Manda, I don't know how it happened. I was tired, hubby was tired, I haven't been feeling my best and when I woke up this morning to a full-blown cold I realize why, but that's no excuse. It's simply the reason why he ended up with a bottle at bedtime.

So, yesterday the doc tells me that Aaron is very "aggressive" and "strong-willed" (as if I needed his help articulating that one ) after watching Aaron repeatedly hit me with a book because I would remove the edge of it from his mouth (I didn't want him to chew on their books) while screaming. He told me that if my husband and I don't put our foot down now about the bottle, we're going to be putting ourselves out there for a really hard time the longer we wait. He told me to use time outs for undesirable behavior like hitting and screaming for what he wants (I thought they were too young for that, but again, it's been 11 years since I had a baby, so maybe I'm just not remembering right) and that I need to just put him in his crib and let him find his own way to sleep. He said Aaron needs us to show him the way, and we've been letting him get away with murder. He also said that all the screaming and fit-throwing is his way of trying to control his world and that we need to recognize that he is not emotionally ready to control anything, so we need to make those decisions for him and stick to them so he can feel secure.

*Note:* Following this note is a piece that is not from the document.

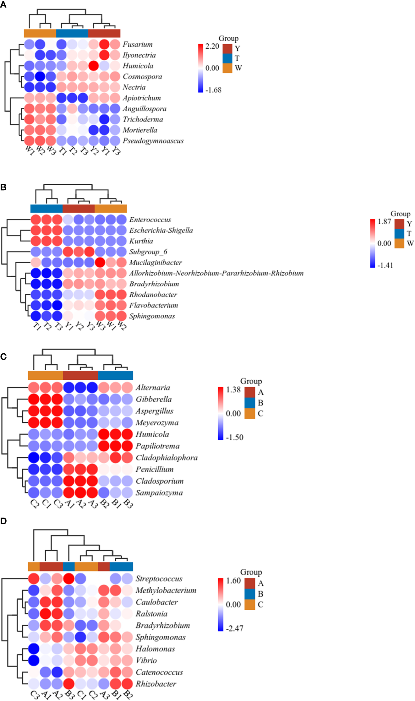 The number of species shared by the fungi communities in the surrounding soils of the nine groups of GeB seedlings from different propagation generations was 91. The number of endemic OTUs in each group was 431 (Y), 1,174 (T), and 536 (W). The endemic OTUs ranked as T>W>Y. Shared OTUs comprised 4.2% of the total OTUs. The number of species shared by the bacterial communities was 62. The number of endemic OTUs in each group was 4193 (Y), 1768 (T), and 7525 (W). The endemic OTUs were ranked W>Y>T. Shared bacterial OTUs accounted for 0.4% of the total OTUs (Figures 3A, B).

He also told me that babysitting another baby is most definitely making Aaron crankier and causing him to show out more, but that it's not the end of the world and that we need to be firm with him and he'll "get over it".

I'm making him sound meaner than he was, but just trying to get the gist of what he told me down without all the extra fluff. He was really kind about it, actually, and told me he understands that Aaron is our last baby (unless God has other plans) and that we are reluctant to seem "harsh". He says it is for Aaron's good that we get hold of the situation. At this point, almost as if to be funny, Aaron pointed at the door and waved bye bye at the doc as if to tell him to get out!

Ok, so I'm not sure how I feel about all of that, but I'm trying to process it. Because I spent most of my other boys' early childhoods sick and making a lot of bad choices, it is really important to me that I get this right. I really want to be a good mommy to Aaron, and I want to give him all the love and attention I wasn't able to give my other boys, but I also want to give him the boundaries and discipline he needs. Does that make sense?

I'm not opposed to letting him cry it out a bit in order to get rid of the bottle at naptime. I can handle his crying, I mean, he does it every time he doesn't get his way so I'm used to the sound of it I'm just worried because today he is sick with a little cold and has a molar coming through and is really especially unhappy. Is it ok to do this while he is not feeling well?

This morning we got up, I gave him a bottle with regular milk (we're out of formula and the doc says no more after yesterday) with just 4 oz. in it. I gave it to him with his breakfast, and he seemed to really like it, taking bites of his food and washing them down with the milk. He finished the bottle and his breakfast and that was that. No more bottle and it wasn't a big deal. I think I can just substitute the sippy cup one day and see if he notices. Now it's getting close to naptime and I'm wondering what I should do now.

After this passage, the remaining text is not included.